Any benefit-to-cost ratio above one means that benefits exceed costs. That's good, of course, but the goal isn't to maximize that ratio. The goal ought to be to come as close as possible to 1:1.
Ratios of 10:1 and above point to real inefficiencies: Too many costs are being socialized. EPA isn't doing nearly enough to protect us from ourselves.
October 13, 2011
In-flight recycling
Almost as bad as asking people to use their frequent flyer miles to buy carbon offsets.
Newsflash: No matter how short your flight, it's orders of magnitude worse for the planet than recycling that Coke bottle.
If you need more irony: there are no bottles on planes to begin with, just a steady stream of one-way plastic cups.
October 12, 2011
Reinsurance all but reassuring
For reliable data, go to those who actually make money off them.
There's no better place for natural disaster data than the reinsurance company that's ultimately on the hook to paying some hefty sums if something goes wrong.

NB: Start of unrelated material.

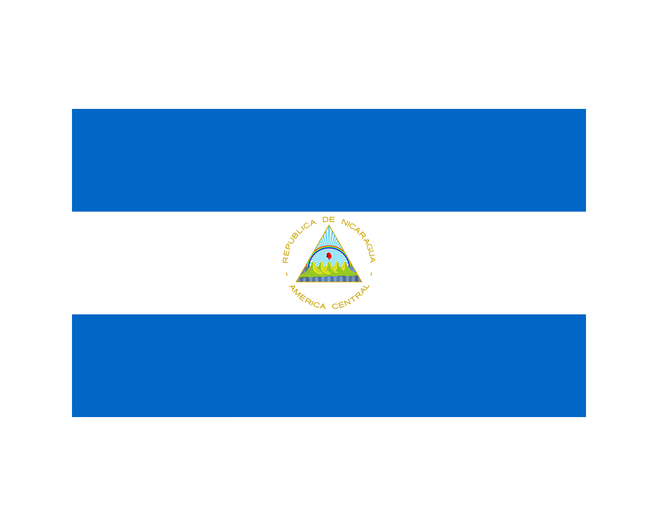 尼加拉瓜共和國(guó)(英語(yǔ):The Republic of Nicaragua),簡(jiǎn)稱(chēng)尼加拉瓜,是一個(gè)總統(tǒng)共和制的國(guó)家,位于中美洲中部,首都為馬那瓜。尼加拉瓜國(guó)旗啟用于1971年8月27日,國(guó)旗呈長(zhǎng)方形,長(zhǎng)寬之比為5:3。旗面自上而下由藍(lán)白藍(lán)三個(gè)平行相等的長(zhǎng)方形組成。中央繪有國(guó)徽。國(guó)旗顏色來(lái)源自原中美洲聯(lián)邦國(guó)旗,也象征這個(gè)國(guó)家在太平洋和加勒比海之間的地理位置。
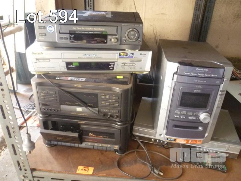 SHARP STEREO SYSTEM, PANASONIC HI-FI, CONY VHS, PANASONIC DVD PLAYERS, ETC

Munich Re has the most comprehensive database of natural catastrophes.
Turns out those catastrophes may not be all that natural after all.
October 11, 2011
An army for reform, #OWS-style
The glibbest book review I've received so far ends with the words: "Great plans, but do the economists have an army?"
Well, now that you mention it.
Just to be clear upfront: I'm not pretending to say here that anyone at the OccupyWallStreet protests is fighting for any of the specific ideas presented in But Will the Planet Notice?, or knows that it exists. (Perhaps they will, if I add a few more references that makes this post more easily find-able: Occupy Wall Street; We are the 99%; Zuccotti Park!)
The point is that talk about the perfect economic solution without any hope of ever enacting any of it into law is just that: talk.
The system isn't working—certainly not for the other 99 percent, as the OWS movement's possibly best slogan puts it. (Emmanuel Saez can be rightfully proud of providing the thinking behind that number.)
It's still unclear what the unifying message out of the OWS movement will be. You can always find a protester or two who argues against capitalism per se, but there's a much larger number fighting against a rigged system and for a level playing field for all.
At the core of all of this, is the idea that we can no longer socialize costs and privatize profits and pretend it'll just work out. That, of course, goes for the financial sector as much as it goes for the planet as a whole.
Perhaps the army is on its way after all.
October 10, 2011
When bailout is not an option
The collapse of Long-Term Capital Management should have been a warning sign, alas a few billion dollars in bailout money patched things up to ignore the broader picture.
The collapse of Lehman Brothers should have been a warning sign, alas a few trillion dollars in bailout money patched things up to ignore the broader picture.
The collapse of Iceland should have been a warning sign, alas devaluing the currency did wonders. Interested in vacationing in Reykjavik? Bargain hunters rejoice.
Now we are onto Greece. Devaluing the Greek currency isn't an option. There is none. Signs are finally pointing into the right direction, but it may already be too late to avoid a Europe-wide (and soon a global) crisis.
Privatize benefits while costs are being socialized doesn't work—at least not for long.
It's so obvious, it sounds trite. It's also so difficult to do away with precisely because many rich have benefited from the current sorry state of affairs and are just fine with keeping things the way they are.
What goes for the financial system also goes for the planet—just that bankruptcy, or a bailout, isn't on the table.